QPictureDownloader Documentation
Table of contents
- Introduction
- Installation
- Update
- Overview
- Directories, indexes and files
- URL compiler
- Page Analysis
- License
Introduction
QPictureDownloader allows you to explore a combinatorial set of web pages and download every image (or whatever kind of file) linked by them.
The target set may be defined both statically through the URL compiler and dynamically, through the page analysis facilities.
Installation
QPictureDownloader is written in C++ using the toolkit Qt 4.3Instructions for Windows users
Download and execute the easy-to-use Windows-style installer.
Instructions for Linux users
Linux users may install QPictureDownloader either from an RPM package or from sources.
Installation from RPM
If you perform an installation from RPM, missing dependencies will be downloaded from the right repositories.

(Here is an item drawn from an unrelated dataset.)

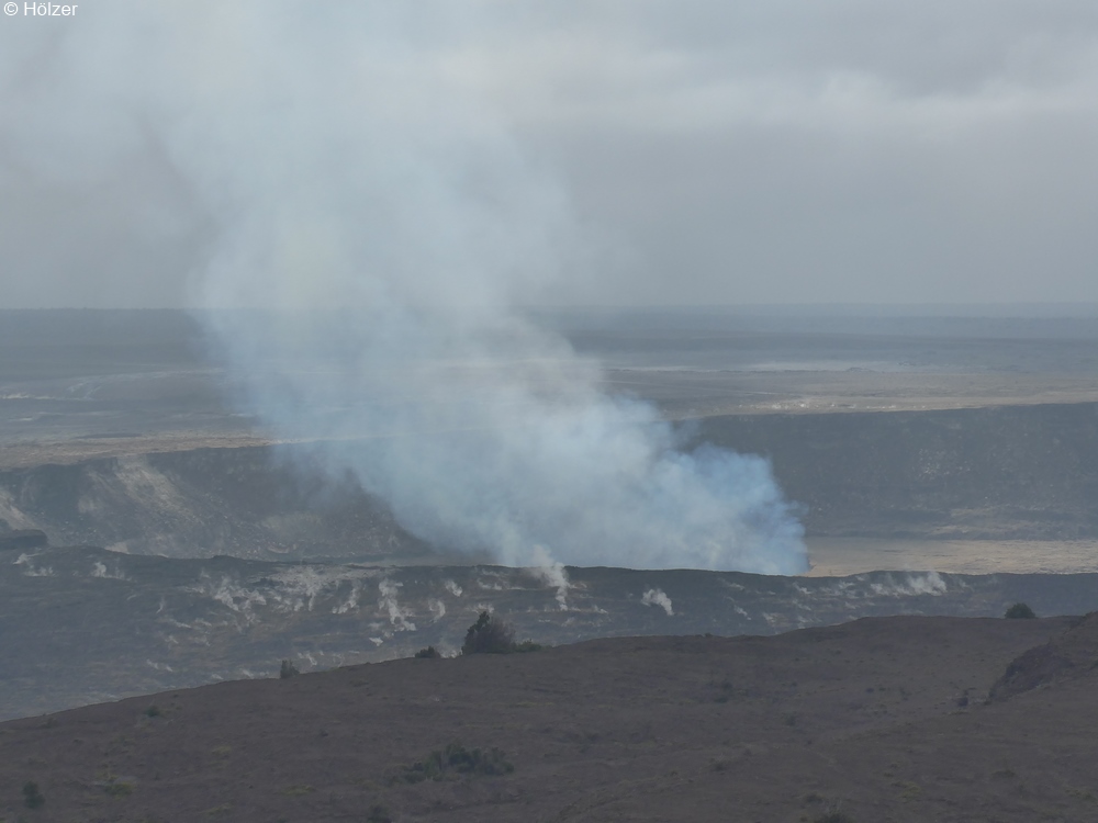 Die Busfahrt ging weiter durch grüne üppige Vegetation zum Hauptziel, dem Hawai'i Volcanoes-Nationalpark. Hier konnten wir einen riesigen rauchenden Krater des Vulkans Kilauea erblicken. Kilauea bedeutet in der Sprache der Hawaiianer so viel wie spucken oder erbrechen. Dann kann man folgerichtig die umherliegenden Lavagesteine letztlich auch als Kotzbrocken bezeichnen.

- Configure the fioreltech.net repository
-
Install the qpicturedownloader package
$ su -c "yum install qpicturedownloader"
Password: <your password>
Installation from sources
If you perform an installation from sources, you must resolve missing dependencies.
- Download the sources of QPictureDownloader
-
Unpack the sources
$ tar xvzf qpicturedownloader-2.0.0.tar.gz -
Enter in the source tree
$ cd qpicturedownloader-2.0.0 -
Create the Makefile
$ chmod +x ./configure
$ ./configureThe script may fail when it isn't able to detect the tool qmake belonging to the toolkit Qt 4.x. In that case you must save in the environment variable QMAKE the path to the homonymous program and execute the script again.
$ QMAKE=<path-to-qmake>
$ ./configure -
Build QPictureDownloader
$ make -
Install QPictureDownloader
$ su -c "make install"
Password: <your password>
Update
At every startup QPictureDownloader connects to www.fioreltech.net server, in order to verify if there is a newer version of the program. In the affirmative case, a label is shown in the very right of the status bar and it may be clicked to open in the default browser a page describing the instructions for the update.
Overview
The average user should deal exclusively with the main window.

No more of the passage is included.